Stuart Buck has an interesting story (linked from Tyler Cowen and Jane Galt of a map that was published in the newspaper showing gains and losses in median household incomes. Apparently the graph (from the Detroit Free Press) was mistaken. Buck writes,

Let’s take my home state of Arkansas. According to the Census Bureau’s page, Arkansas’ 1999 median household income — in 2005 dollars — was $34,770. Then in 2005, the median household income was $36,658. That’s an increase of 5.4%, as opposed to the 7.2% decrease that the Detroit Free Press claims to have found.

How about another state: Utah. In 1999 (again, in 2005 dollars): $53,943. In 2005: $54,813. That’s a rise of 1.6%, not a decline of 10.5% as the Free Press claims. . . .

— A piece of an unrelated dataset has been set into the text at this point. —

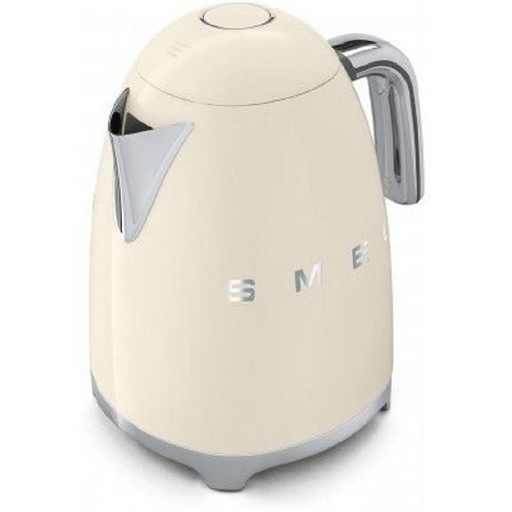 Hervidor eléctrico Smeg KLF03CREU con capacidad de 1,7 L y potencia de 2400 W. Cuerpo de acero inoxidable con indicador de nivel de agua y graduación en litros y tazas. Incorpora resistencia oculta, base giratoria de 360° y filtro extraíble de acero inoxidable. Dispone de apagado automático al alcanzar 100 °C, al detectar ausencia de agua o al retirarse de la base. Tapa con apertura mediante pulsador, recogecable integrado en la base y alimentación de 220-240 V con frecuencia de 50/60 Hz. Medidas aproximadas: 24,8 × 22,6 × 17,1 cm.

The first journalist then followed up and explained further that the 1999 data came from the 2000 Census (it’s available here). They used the inflation calculator recommended by the Census Bureau. And then the 2005 data came from the American Community Survey (here). . . .

Estimates from any one survey will almost never exactly match the estimates from any other (unless explicitly controlled), because of differences such as in questionnaires, data collection methodology, reference period, and edit procedures.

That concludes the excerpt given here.